--- DATA SECTION Enclosed Below ---
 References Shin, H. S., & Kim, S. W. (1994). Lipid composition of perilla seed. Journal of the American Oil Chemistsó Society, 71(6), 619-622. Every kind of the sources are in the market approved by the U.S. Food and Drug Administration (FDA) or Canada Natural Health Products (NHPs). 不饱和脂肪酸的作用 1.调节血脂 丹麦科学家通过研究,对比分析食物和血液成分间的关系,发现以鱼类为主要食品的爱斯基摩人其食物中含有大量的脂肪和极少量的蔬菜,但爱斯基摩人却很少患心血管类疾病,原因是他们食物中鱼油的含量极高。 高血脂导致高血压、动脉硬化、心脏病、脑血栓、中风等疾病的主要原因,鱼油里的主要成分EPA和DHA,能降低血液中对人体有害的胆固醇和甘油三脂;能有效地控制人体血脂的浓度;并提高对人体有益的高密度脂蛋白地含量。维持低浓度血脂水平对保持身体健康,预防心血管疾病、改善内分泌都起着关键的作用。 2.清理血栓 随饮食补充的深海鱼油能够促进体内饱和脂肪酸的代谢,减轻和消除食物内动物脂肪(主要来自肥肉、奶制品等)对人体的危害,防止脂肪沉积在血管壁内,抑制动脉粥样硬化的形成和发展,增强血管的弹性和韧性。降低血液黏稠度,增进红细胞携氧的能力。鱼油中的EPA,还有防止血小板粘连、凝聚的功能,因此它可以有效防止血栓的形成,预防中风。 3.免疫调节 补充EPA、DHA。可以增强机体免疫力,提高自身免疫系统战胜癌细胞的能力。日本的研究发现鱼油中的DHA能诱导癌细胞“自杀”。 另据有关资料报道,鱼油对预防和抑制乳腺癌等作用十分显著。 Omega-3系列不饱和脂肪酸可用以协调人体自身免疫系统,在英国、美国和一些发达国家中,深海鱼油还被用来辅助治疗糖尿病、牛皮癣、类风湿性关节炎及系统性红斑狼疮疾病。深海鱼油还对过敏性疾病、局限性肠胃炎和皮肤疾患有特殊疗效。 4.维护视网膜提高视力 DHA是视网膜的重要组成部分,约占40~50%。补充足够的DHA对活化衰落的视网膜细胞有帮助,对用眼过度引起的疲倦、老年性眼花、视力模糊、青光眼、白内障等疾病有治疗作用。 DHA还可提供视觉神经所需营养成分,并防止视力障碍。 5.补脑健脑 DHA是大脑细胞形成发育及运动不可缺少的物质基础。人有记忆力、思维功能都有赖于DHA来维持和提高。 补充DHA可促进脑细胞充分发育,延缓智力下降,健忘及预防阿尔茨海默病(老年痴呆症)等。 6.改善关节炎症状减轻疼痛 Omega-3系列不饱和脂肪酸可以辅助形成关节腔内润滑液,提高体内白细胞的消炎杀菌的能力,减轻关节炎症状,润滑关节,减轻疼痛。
--- End of Enclosed DATA SECTION ---
--- DATA SECTION Enclosed Below ---
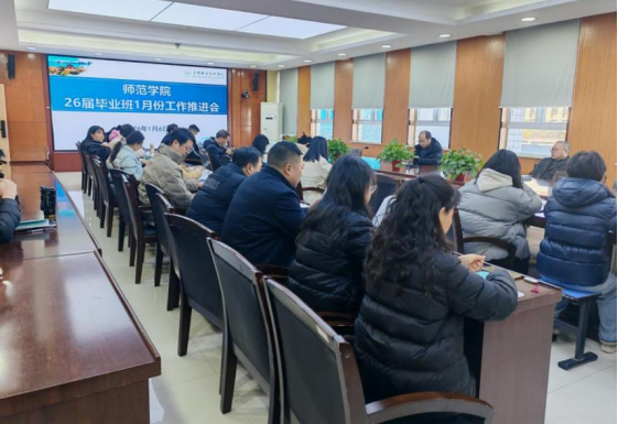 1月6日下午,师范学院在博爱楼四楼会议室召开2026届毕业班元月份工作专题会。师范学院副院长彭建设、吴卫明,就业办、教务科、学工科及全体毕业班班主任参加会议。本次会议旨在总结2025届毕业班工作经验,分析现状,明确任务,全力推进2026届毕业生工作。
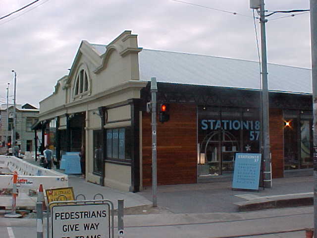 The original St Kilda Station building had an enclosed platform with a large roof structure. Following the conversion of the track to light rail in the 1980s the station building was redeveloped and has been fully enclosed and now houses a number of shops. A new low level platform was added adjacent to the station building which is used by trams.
--- End of Enclosed DATA SECTION ---
TASK DETAILS –
Please print the lines above word for word, starting at the one with "1月6日下午,师范学院在博爱" and ending at the one with "The original St", both included, and without any picture.

WORKED SOLUTION –
 1月6日下午,师范学院在博爱楼四楼会议室召开2026届毕业班元月份工作专题会。师范学院副院长彭建设、吴卫明,就业办、教务科、学工科及全体毕业班班主任参加会议。本次会议旨在总结2025届毕业班工作经验,分析现状,明确任务,全力推进2026届毕业生工作。
 The original St Kilda Station building had an enclosed platform with a large roof structure. Following the conversion of the track to light rail in the 1980s the station building was redeveloped and has been fully enclosed and now houses a number of shops. A new low level platform was added adjacent to the station building which is used by trams.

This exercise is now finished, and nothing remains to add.